Sur les dépens et les frais irrépétibles
16. Partie succombante, la société Nogab supportera les dépens de première instance et d’appel et sera équitablement condamnée au paiement de la somme de 3 000 euros sur le fondement de l’article 700 du code de procédure civile.
PAR CES MOTIFS
La cour, statuant publiquement, par défaut et en dernier ressort :
Infirme le jugement entrepris,
Statuant à nouveau,
Condamne la société Nogab à payer à la société RG [L] Gironde la somme de 41 940,33 euros avec intérêts au taux légal à compter du 28 octobre 2023,
Déboute la société RG [L] Gironde de sa demande de dommages et intérêts pour résistance abusive,
Condamne la société Nogab aux dépens de première instance et d’appel,
Condamne la société Nogab à payer à la société RG [L] Gironde la somme de 3 000 euros sur le fondement des dispositions de l’article 700 du code de procédure civile.

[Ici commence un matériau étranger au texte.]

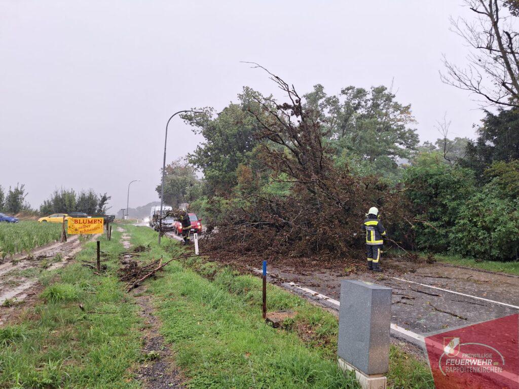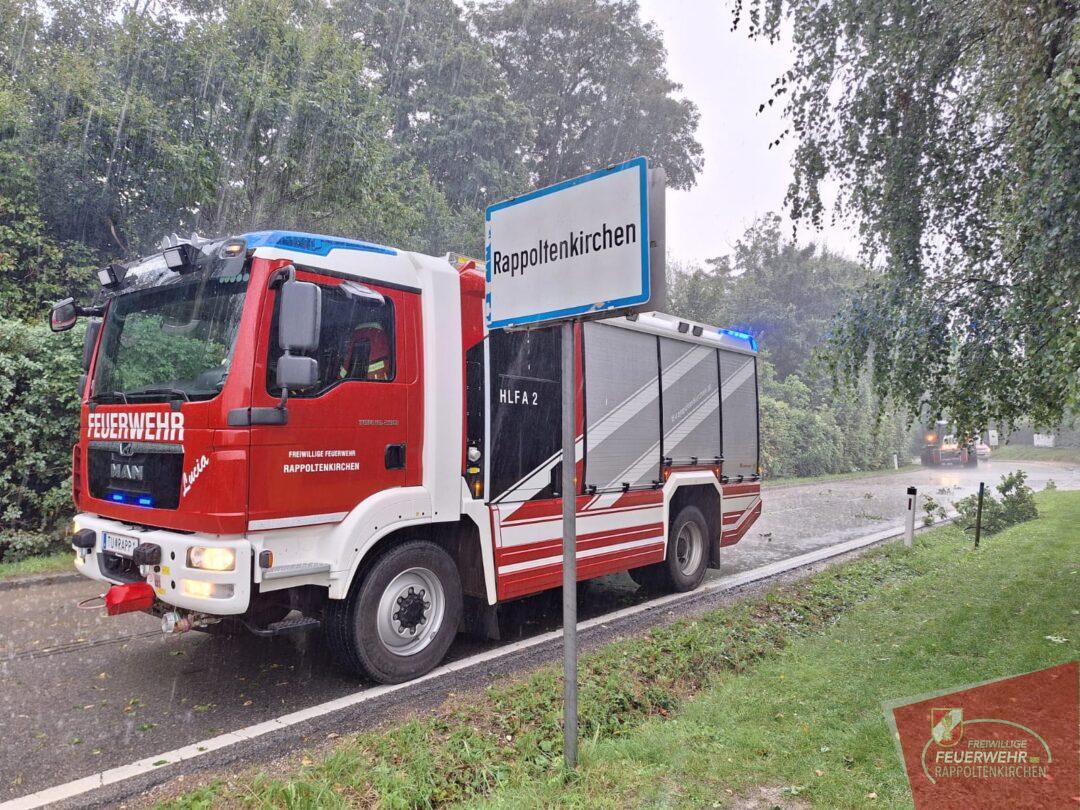Am Mittwochnachmittag, 16. August musste die Einsatzmannschaft der Freiwilligen Feuerwehr Rappoltenkirchen um 16:47 Uhr zu einem Sturmschaden „Baum über Straße“ ausrücken.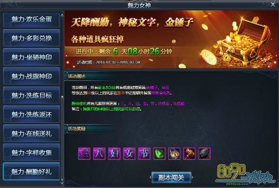 【活动内容】:打BOSS,掉金锤子和神石!80级以上玩加载副本中还能额外掉落神格净化石;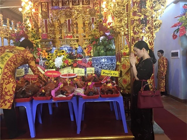 Lệ Quyên: Hôm qua cúng Tổ ở nhà rồi, hôm nay đến nhà thờ Tổ để cúng Tổ với anh chị em nghệ sỹ.
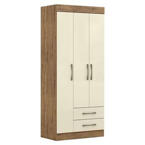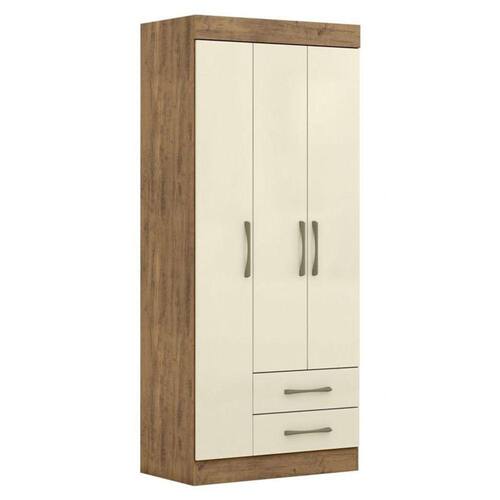 Guarda Roupa Kevin com 3 Portas e 2 Gavetas na Cor Ipê/Off Whiteé perfeito para organização e praticidade, além de dar um toque de modernidade para o quarto.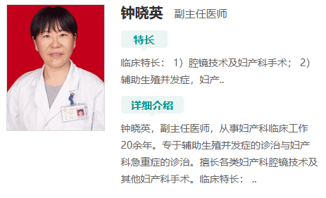 钟晓英,中信湘雅生殖与遗传专科医院生殖中心副主任医师,从事妇产科及生殖医学临床工作20余年。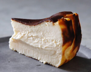 表面はこんがり、中はトロッ。甘さ控えめなのに、クリーミーで濃厚な〈ベルツ〉こだわりのバスクチーズケーキ。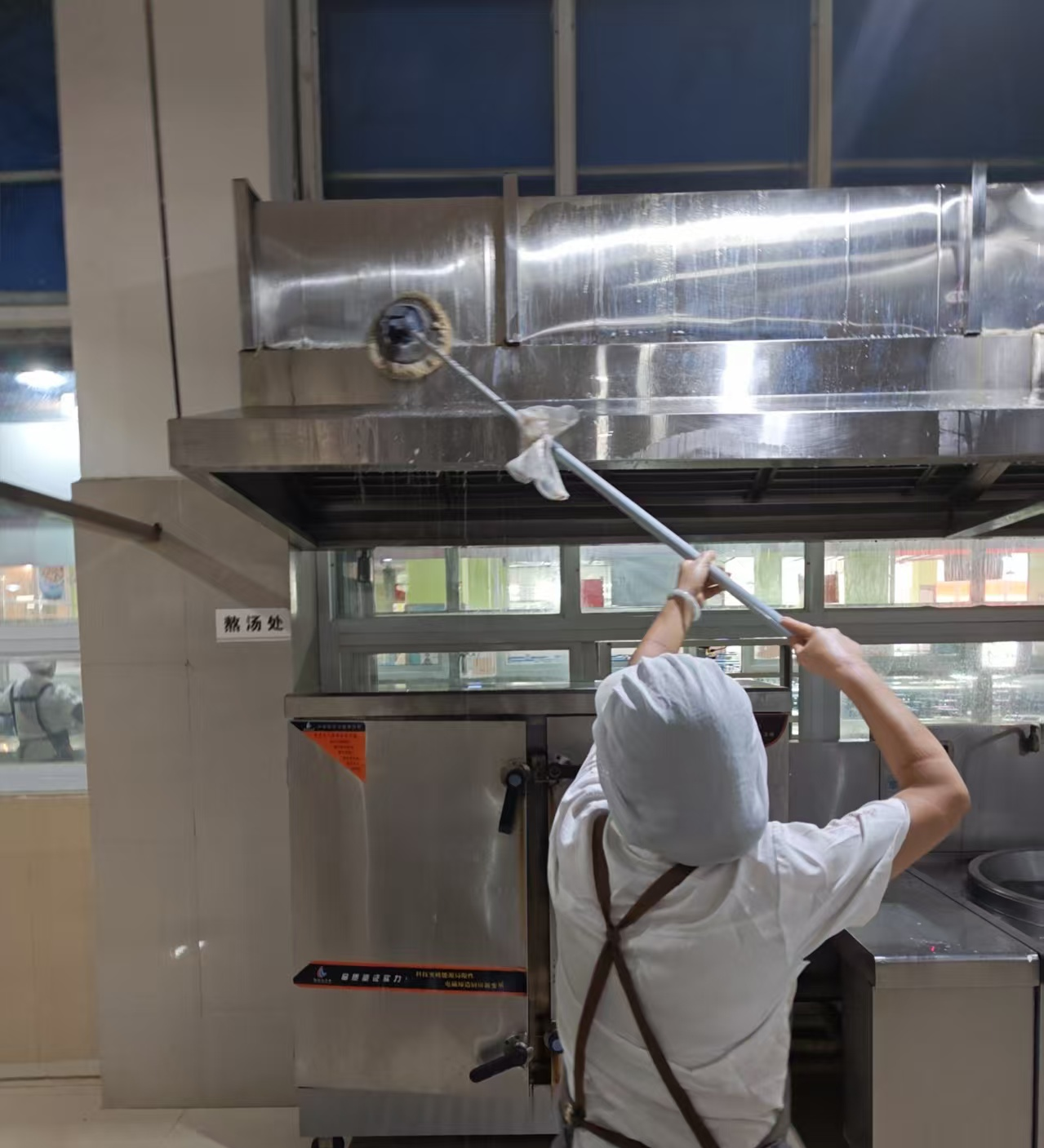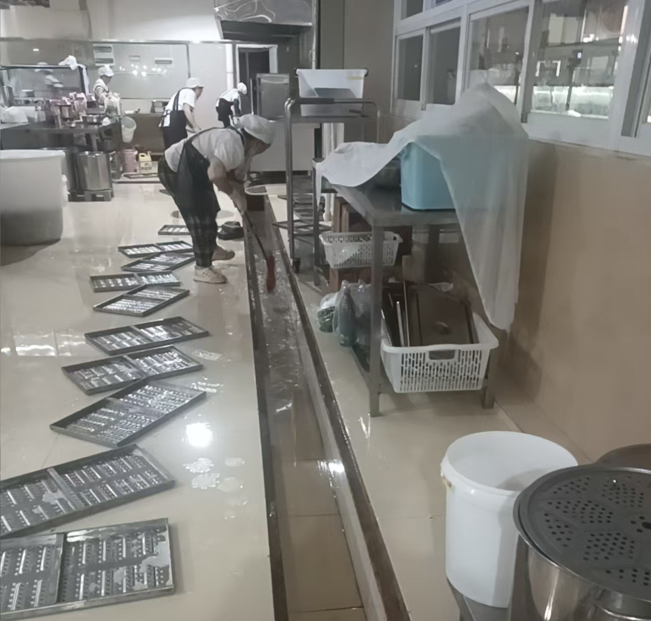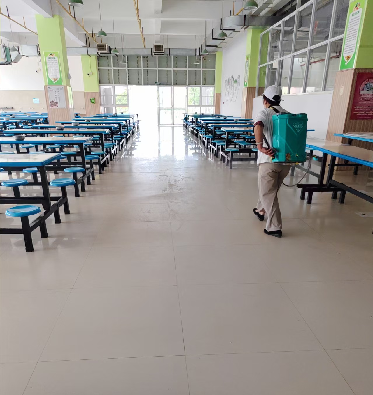 一次大扫除:开学前对后厨操作间、仓库、备餐间、洗碗间、卫生间等进行彻底无死角的大扫除、消杀。

Le présent arrêt a été signé par Monsieur Jean-Pierre FRANCO, président, et par Monsieur Hervé GOUDOT, greffier, auquel la minute de la décision a été remise par le magistrat signataire.
Le Greffier Le Président
La République française, au nom du peuple français, mande et ordonne à tous commissaires de justice, sur ce requis, de mettre le dit arrêt à exécution, aux procureurs généraux et aux procureurs de la République près les tribunaux judiciaires d’y tenir la main, à tous commandants et officiers de la force publique de prêter main forte lorsqu’ils en seront légalement requis. En foi de quoi, le présent arrêt a été signé par le président et le greffier.